The week-long controversy about appointing a new EU commissioner has overshadowed the critical lack of Government leadership as the agri-food sector faces a host of unprecedented challenges from every angle.
The Government has stalled on announcing its selected candidates to replace Phil Hogan as European commissioner. While Foreign Affairs Minister Simon Coveney had been widely expected to be the only name put forward, the three party leaders have now agreed to select two candidates which has complicated matters.
There are now doubts as to whether a decision will be made on the candidates today as sources last night said that it would take time to iron out some concerns.

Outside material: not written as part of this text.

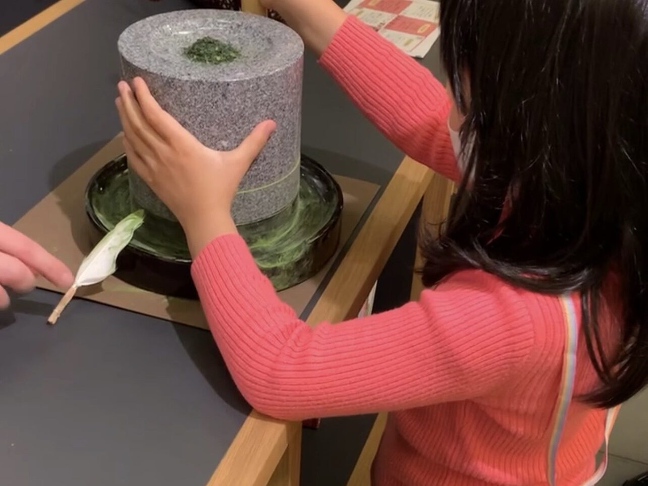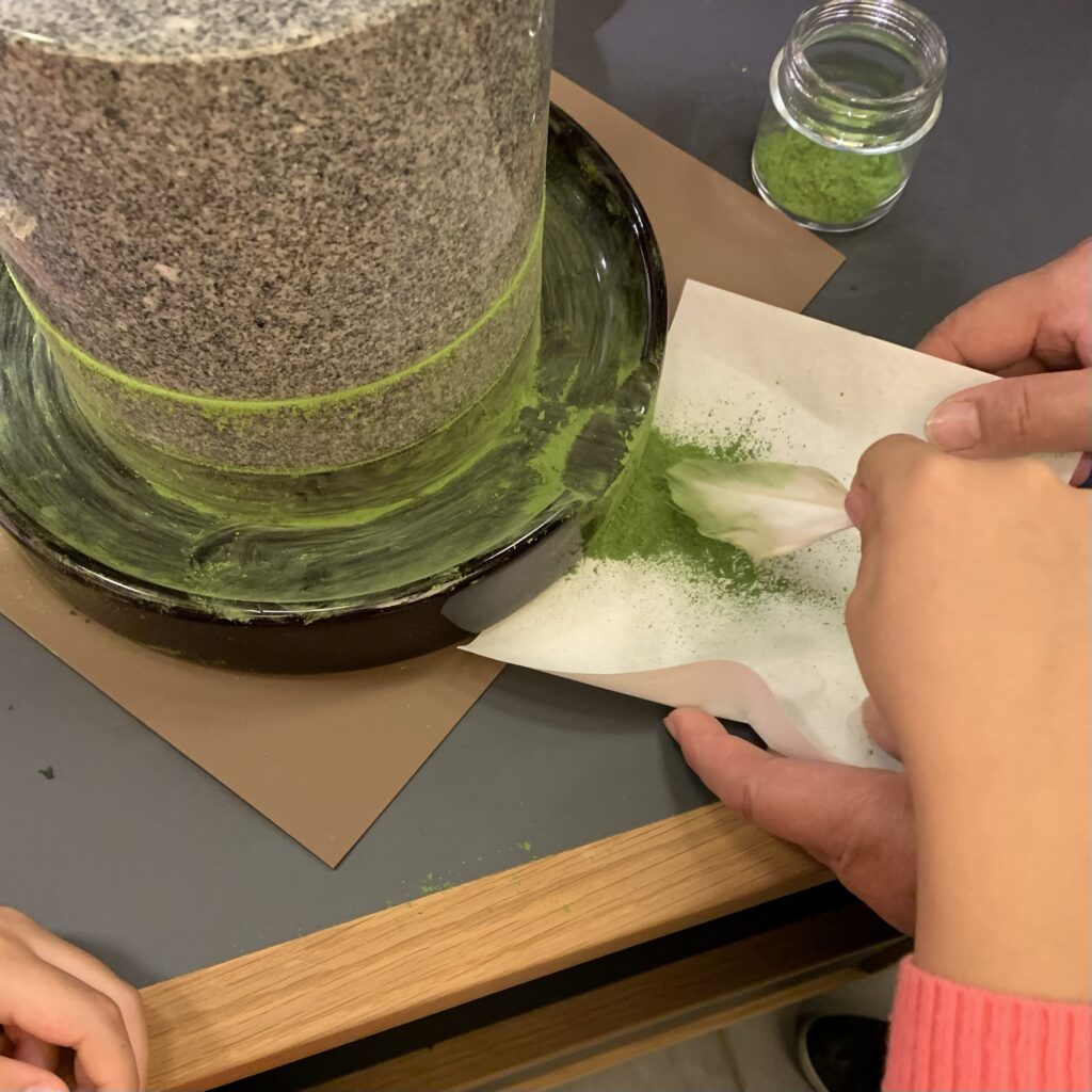 抹茶がどうやってできるのか、そして自分で挽く体験ができて楽しんでいました♪

Commission president Ursula von der Leyen had asked that the Government put forward one man and one woman candidate as she has placed significant emphasis on a gender balance. However, there was confusion yesterday when Taoiseach Micheál Martin told Cabinet that the three leaders had not yet decided to put forward two candidates.
However, Finance Minister Paschal Donohoe later confirmed that the Government would be putting forward a woman and a man, telling Newstalk radio that it “won’t do anything that would cause insult to the president of the European Commission.”
European Parliament vice-president Mairead McGuinness and former Tánaiste Frances Fitzgerald have also expressed an interest in the position. It is understood that the Government leaders were yesterday consulting with the potential candidates and there have been some background discussions with Brussels on the appointment and what position an Irish commissioner could be given.
Meanwhile, Co Donegal TD Charlie McConalogue is widely expected to be appointed Agriculture Minister today. The position was left vacant after the resignation of Dara Calleary following the golfgate controversy. It will be filled by the Taoiseach when the Dáil returns this afternoon.
Mr McConalogue, who served as the party’s agriculture spokesperson in opposition, would become the third Agriculture Minister in the current government after the resignations of Barry Cowen and Mr Calleary.
Mr Martin has been criticised for a lack of regional balance in his original Cabinet and was accused of ignoring the west of Ireland in his senior appointment. Mr McConalogue, who is a Junior Minister in the Department of Justice, has therefore been strongly tipped on the basis of geography.